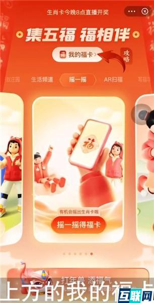 1. 首先打开【支付宝】客户端,然后点击首页面上方的五福活动栏,接着点击上方的【我的福卡】按钮,
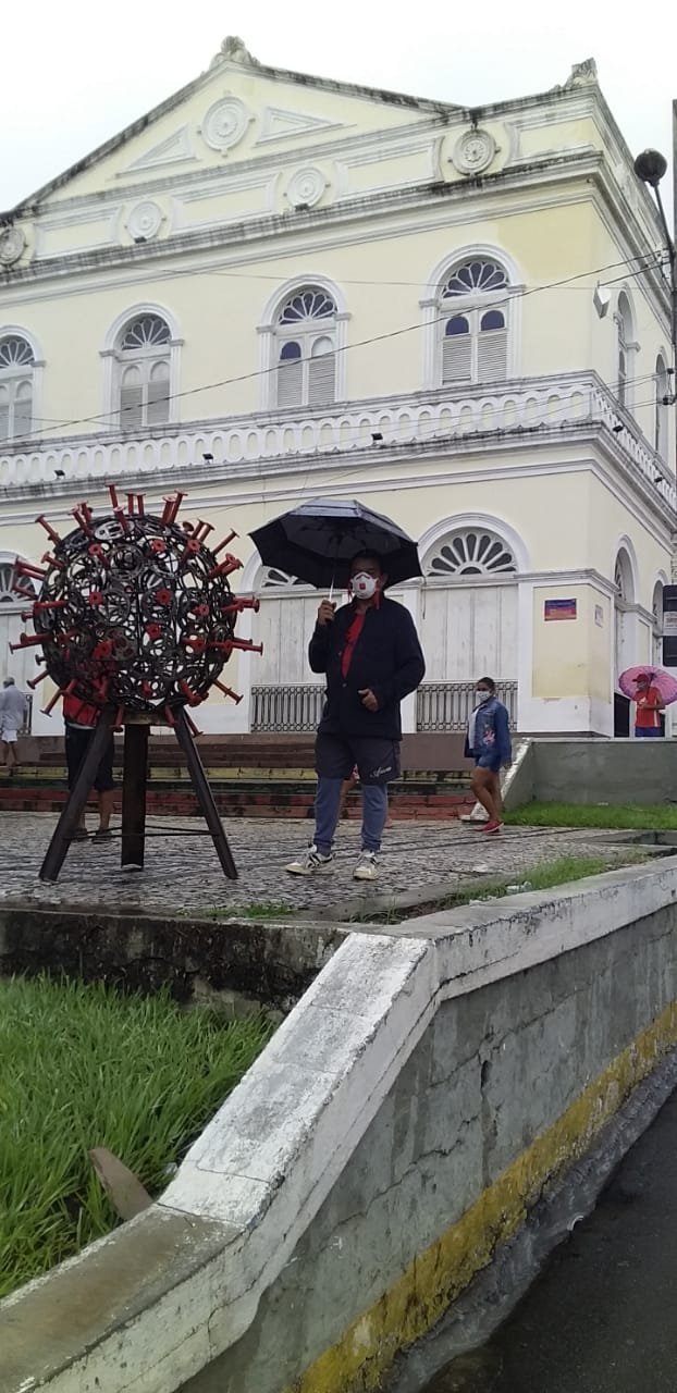 O artista plástico Fábio di Ojuara realizou uma intervenção artística feita para alertar as pessoas do perigo que o Covid-19 esse vírus que vem matando milhares de pessoas mundo a fora e aqui ma nossa cidade, um vírus invisível que eu fiz visível e próximo pra que as pessoas reflitam sobre a gravidade desse bicho…
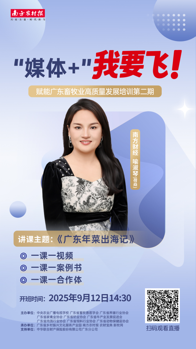近年来,广东以“节庆+美食文化”为载体,打造可传播的IP与记忆点,着力推动畜牧产品走向世界。南方财经大湾区新闻部喻淑琴将带来《广东年菜出海记》的主题分享,为畜牧产品出海提供新建议新思路。

━━━━━━

With the pictures left out, write out all of the data exactly.

» ANSWER TO THE EXERCISE
 1. 首先打开【支付宝】客户端,然后点击首页面上方的五福活动栏,接着点击上方的【我的福卡】按钮,
 O artista plástico Fábio di Ojuara realizou uma intervenção artística feita para alertar as pessoas do perigo que o Covid-19 esse vírus que vem matando milhares de pessoas mundo a fora e aqui ma nossa cidade, um vírus invisível que eu fiz visível e próximo pra que as pessoas reflitam sobre a gravidade desse bicho…
近年来,广东以“节庆+美食文化”为载体,打造可传播的IP与记忆点,着力推动畜牧产品走向世界。南方财经大湾区新闻部喻淑琴将带来《广东年菜出海记》的主题分享,为畜牧产品出海提供新建议新思路。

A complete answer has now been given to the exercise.